Амина смотрела не девочек и мысленно переносилась в ночь. Там, в мыслях, ее почти полностью устаивало то, что должно было происходить, но бабочкам об этом так просто она не скажет… Нет предела совершенству.

— Еще раз, вялые мои, просыпаемся…

Три хлопка заглушили стоны, а потом вновь заиграла музыка.

* * *

— Ладно уж, свободны, — отпустила подчиненных Амина как и обещала — ровно через полтора часа. Она была крайне довольна тренировкой. Ей откровенной нравилось то, что они сегодня «натанцевали».

В такие моменты Амина начинала любить свою работу еще сильней. Именно эту свою работу она, по правде, любила. Не вертеть попой, как считали многие, а творить.

— А ты идешь? — щебечущая стайка девушек тут же рванула к выходу, будто и не было на их лицах той показательной усталости, тех тяжелых вздохов и грусти всего еврейского народа во взглядах.

— Нет, я еще сама немного позанимаюсь, хочу понять — это вы у меня, зайки, такие кривоножки или там действительно сложно все в музыку сделать и не как манную кашу по тарелке размазать.

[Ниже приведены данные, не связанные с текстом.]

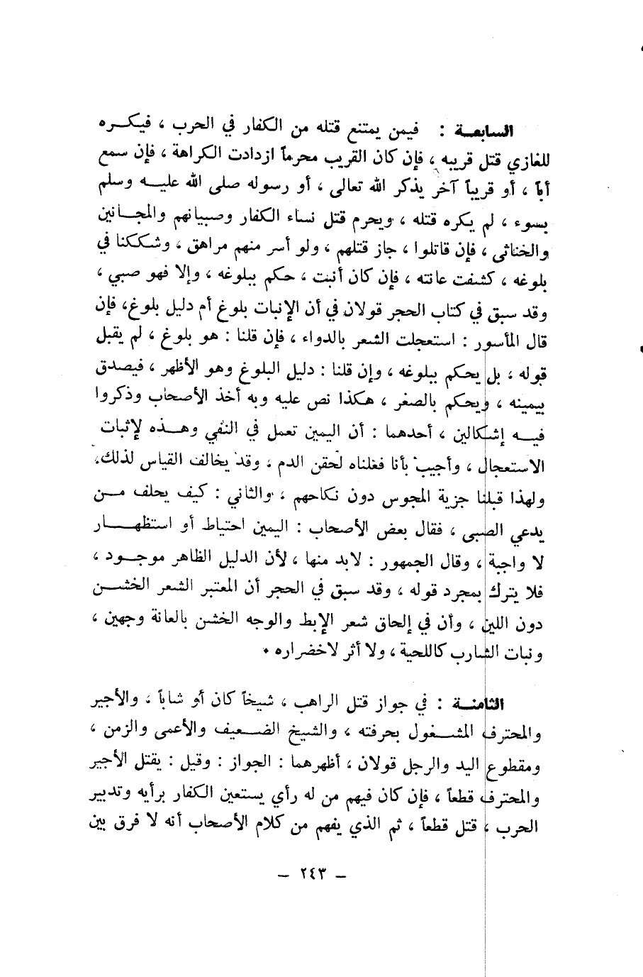 الثَّامِنَةُ: فِي جَوَازِ قَتْلِ الرَّاهِبِ، شَيْخًا كَانَ أَوْ شَابًّا، وَالْأَجِيرِ وَالْمُحْتَرِفِ الْمَشْغُولِ بِحِرْفَتِهِ، وَالشَّيْخِ الضَّعِيفِ وَالْأَعْمَى وَالزَّمِنِ، وَمَقْطُوعِ الْيَدِ وَالرِّجْلِ قَوْلَانِ، أَظْهَرُهُمَا: الْجَوَازُ. وَقِيلَ: يُقْتَلُ الْأَجِيرُ وَالْمُحْتَرِفُ قَطْعًا، فَإِنْ كَانَ فِيهِمْ مَنْ لَهُ رَأْيٌ يَسْتَعِينُ الْكُفَّارُ بِرَأْيِهِ وَتَدْبِيرِ الْحَرْبِ، قُتِلَ قَطْعًا، ثُمَّ الَّذِي يُفْهَمُ مِنْ كَلَامِ الْأَصْحَابِ أَنَّهُ لَا فَرْقَ بَيْنَ

Никак не отреагировав на бурчание Амины, бабочки все той же шумной толпой ретировались, оставив Амину наедине с тишиной огромного зала и негромким шипением магнитофона.

По правде, своими бабочками она гордилась, о чем прямо им говорила редко, но основательно. Просто глядя на них, так и хотелось тоже броситься в пляс, а чаще всего не получалось — нужно было следить, подправлять, помогать, скрывать трясучку в собственных ногах, которые так и рвались присоединиться, но вот теперь можно…

Огромным минусом места для их тренировок было отсутствие здесь зеркала. Об этом с Дамиром они тоже говорили, но уболтать управляющего на какое-то худо-бедное решение проблемы не удалось.

Другого большого помещения в здании нет, тренировочный зал устроить негде, а переоборудовать этот, что? Догадаться легко — до-ро-го. Часто Амина чувствовала себя ребенком, которого то и дело бьют по рукам родители, чья зарплата не позволяет купить то чупа-чупс, то киндер, то мороженое.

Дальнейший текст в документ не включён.